Retropseudogenes derived from the human Ro/SS-A autoantigen-associated hY RNAs

We report the characterization in the human genome of 966 pseudogenes derived from the four human Y (hY) RNAs, components of the Ro/SS-A autoantigen. About 95% of the Y RNA pseudogenes are found in corresponding locations on the chimpanzee and human chromosomes. On the contrary, Y pseudogenes in mice are both infrequent and found in different genomic regions. In addition to this rodent/primate discrepancy, the conservation of hY pseudogenes relative to hY genes suggests that they occurred after rodent/primate divergence. Flanking regions of hY pseudogenes contain convincing evidence for involvement of the L1 retrotransposition machinery. Although Alu elements are found in close proximity to most hY pseudogenes, these are not chimeric retrogenes. Point mutations in hY RNA transcripts specifically affecting binding of Ro60 protein likely contributed to their selection for direct trans retrotransposition. This represents a novel requirement for the selection of specific RNAs for their genomic integration by the L1 retrotransposition machinery. Over 40% of the hY pseudogenes are found in intronic regions of protein-coding genes. Considering the functions of proteins known to bind subsets of hY RNAs, hY pseudogenes constitute a new class of L1-dependent non-autonomous retroelements, potentially involved in post-transcriptional regulation of gene expression.

Characterization of the siRNAs associated with peach latent mosaic viroid infection.
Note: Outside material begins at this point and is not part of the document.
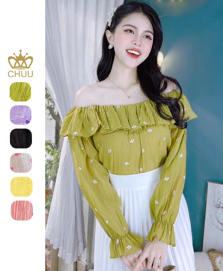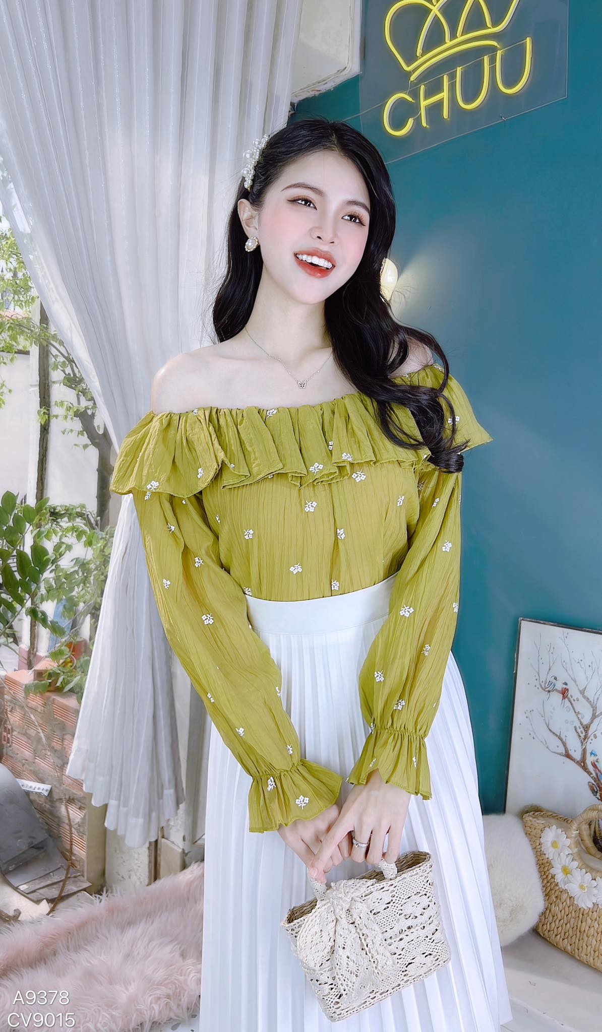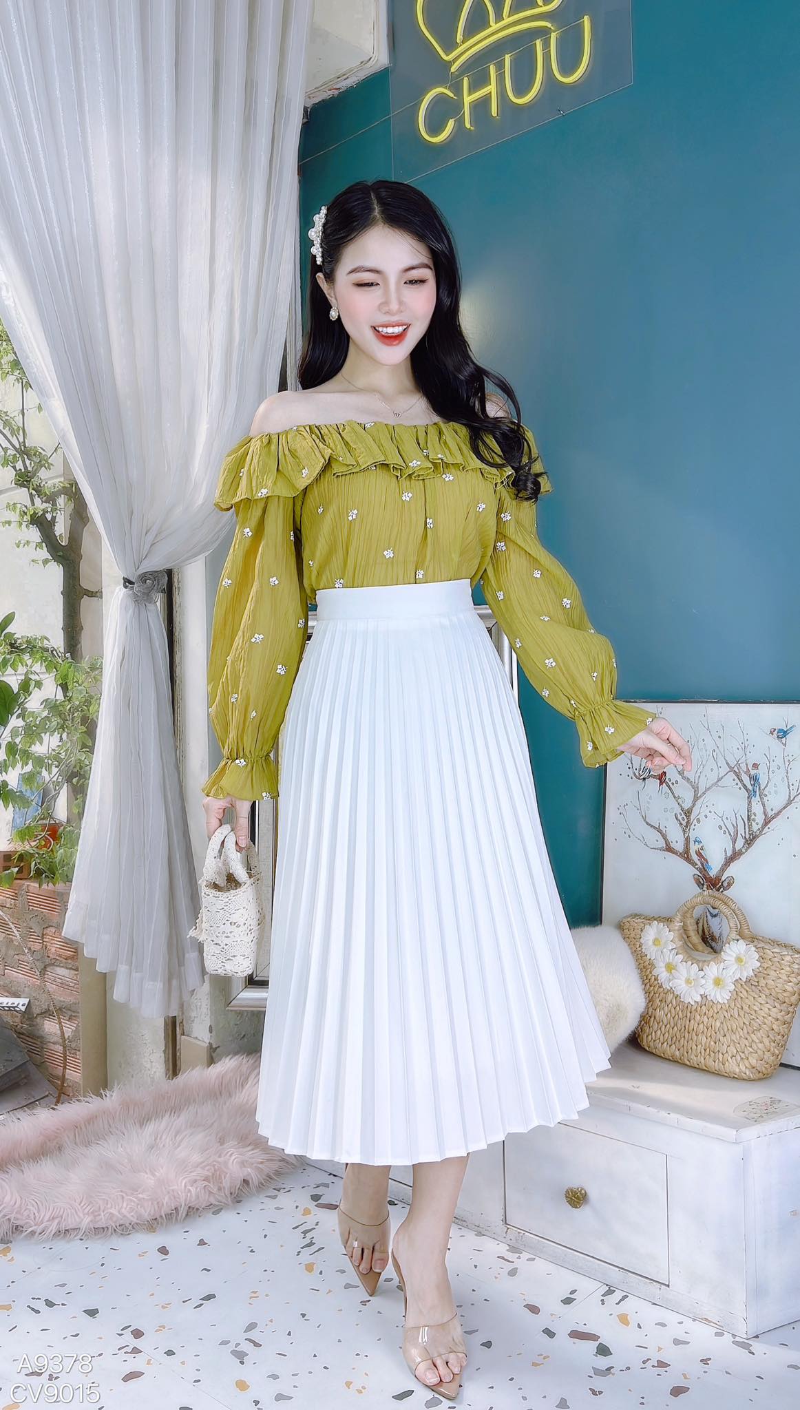 - Áo sơ mi tay dài phồng bồng bềnh giúp che khuyết điểm bắp tay cho chị em

The peach latent mosaic viroid (PLMVd) is a small, circular RNA species that has been shown to induce RNA silencing in plants. With the goal of better understanding the biological mechanism underlying this process, the siRNAs found in PLMVd infected peach leaves were isolated and sequenced. Analysis of the resulting data prompted several conclusions, including: i. PLMVd strands of both polarities are substrates for the Dicer-like enzymes found in peach leaves; ii. the more highly structured regions of PLMVd trigger the activity of the Dicer-like enzymes; and, iii. the circular PLMVd conformers appear to be favored for transport into the cytoplasm.